The 1900 United States presidential election in Vermont took place on November 6, 1900, as part of the 1900 United States presidential election. Voters chose four representatives, or electors to the Electoral College, who voted for president and vice president.

Vermont overwhelmingly voted for the Republican nominees, incumbent President William McKinley of Ohio and his running mate Theodore Roosevelt of New York. They defeated the Democratic nominees, former U.S. Representative and 1896 Democratic presidential nominee William Jennings Bryan and his running mate, former Vice President Adlai Stevenson I. McKinley won Vermont by a landslide margin of 52.87% in this rematch of the 1896 presidential election. The return of economic prosperity and recent victory in the Spanish–American War helped McKinley to score a decisive victory.

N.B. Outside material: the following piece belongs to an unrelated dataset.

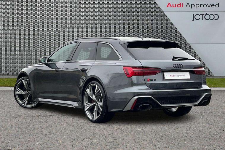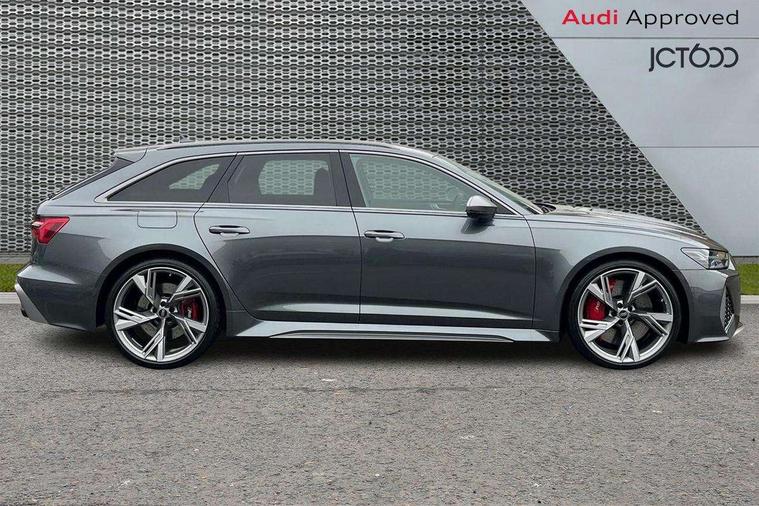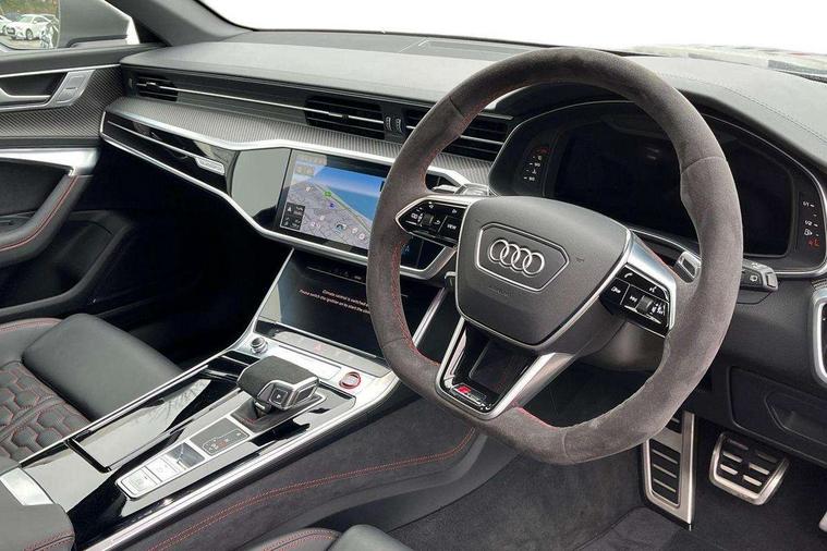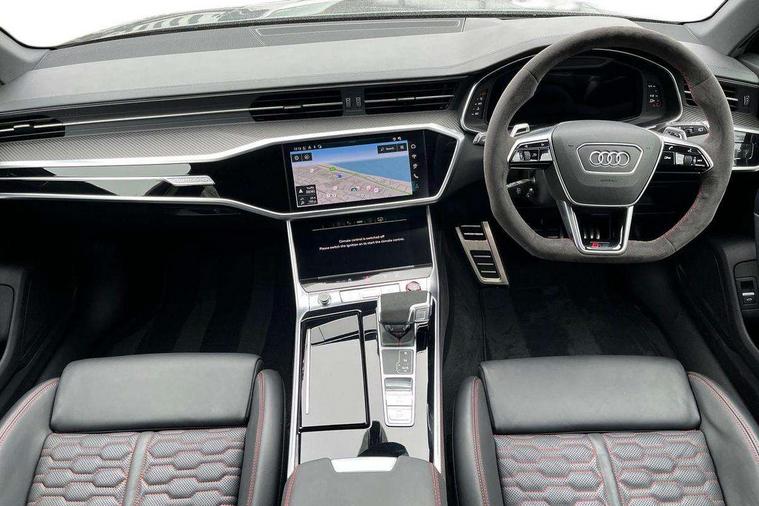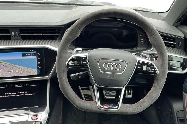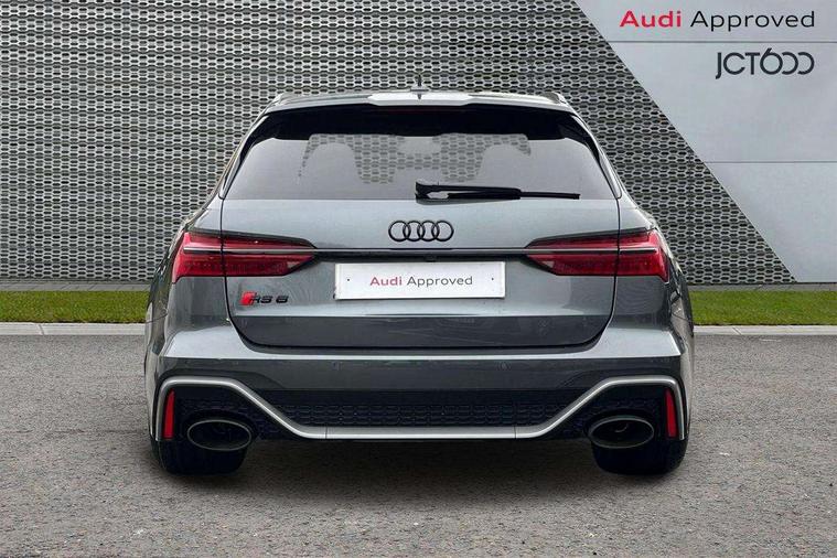 Audi connect safety and service (e-call), Audi connect with Amazon Alexa Integration, Audi drive select with 2 configurable RS modes, Audi smartphone interface with app store includes wireless Apple carplay, Android auto and Amazon alexa integration, Audi virtual cockpit plus with RS specific design and 12.3" display with additional graphic display options, Automatic start/stop system, Bluetooth interface, Convenience key, Dynamic all wheel steering, Head up Display, Lane departure warning system, MMI navigation with MMI touch + twin touch screens 10.1" and 8.6" with haptic and acoustic feedback, Operating buttons in black, glass look with haptic feedback including extended aluminium look, Power operated tailgate, Service interval indicator, Surround view camera system, Voice control system, 48V Mild hybrid technology, 73 litre fuel tank, Increased top speed to 174mph, Quattro sports differential, Audi music interface, Bang & Olufsen 3D Premium Sound System, DAB Digital radio, 3rd brake light, Adaptive windscreen wipers with integrated washer jets, Black audi rings and black RS badges, Electric front/rear windows, Electrically adjustable, heated and folding door mirrors with integrated LED indicators and kerb view function for passenger side, Frameless auto dimming interior rear view mirror, HD Matrix LED headlights with Audi laser light with dynamic light design and dynamic turn signal, Headlight washers, Heat insulating darkened glass in side and rear windows, LED daytime running lights, LED rear combination lamps with dynamic light design and dynamic turn signal, Matt grey mirror housing, Privacy glass with rear/side windows and acoustic glazing side windows, Radiator grille in honeycomb structure, large front air inlets and rear diffuser in gloss black, Rain and light sensors, Rear side wing doors, Rear wiper, RS front bumper with air inlets on both side, RS rear spoiler in body colour, RS sports exhaust system with high gloss black oval tailpipe trims, Towbar preparation, 3 seat bench in 2nd row, 3 spoke RS flat bottom alcantara leather multifunction steering wheel with shift paddles, heated funtion, contrast stitching, RS mode button/RS emblem, 4 way electric lumbar support for driver and front passenger, 4 zone deluxe automatic climate control, Audi phone box light, Electric steering wheel adjustment, Electrically adjustable front seats with driver memory, Entry LED with RS Performance projection (Audi Beam) in front and rear, Front and rear headrests, Front centre armrest, Front seat ventilation, Heated front seats, Illuminated front and rear door sill trims with aluminium inlays and RS6 logo, ISOFIX and Top Tether child seat mounting for the outer rear seats, ISOFIX child seat mounting and Top Tether with front passenger airbag deactivation, RS sports seat plus, Single passenger seat, Stainless steel pedals and foot rest, Air quality pack - RS6, Ambient lighting pack plus - RS6, Matt grey exterior styling pack - RS6, Park assist pack with park assist plus - RS6, Storage pack - RS6, 3 point rear seatbelts, Audi pre sense basic, Audi pre-sense front, Curtain Airbag System, Direct tyre pressure monitoring system, EBD - Electronic brakeforce distribution, Electromechanical parking brake, Electronic Stability Control (ESC) including ABS, ASR and EDL, Extended pedestrian protection measures, Manual child lock in rear doors, Warning triangle and first aid kit, Anti theft alarm with tow away protection, Immobiliser, Keyless Go, Remote central locking, Tyre repair kit,

Four years earlier, McKinley had won Vermont with 80.08% of the popular vote, making it his strongest victory in the 1896 presidential election in terms of percentage in the popular vote as well as the best performance of any presidential candidate in Vermont to date. Vermont would once again be McKinley's strongest state in popular vote percentage, though with a slightly reduced margin of 75.73%.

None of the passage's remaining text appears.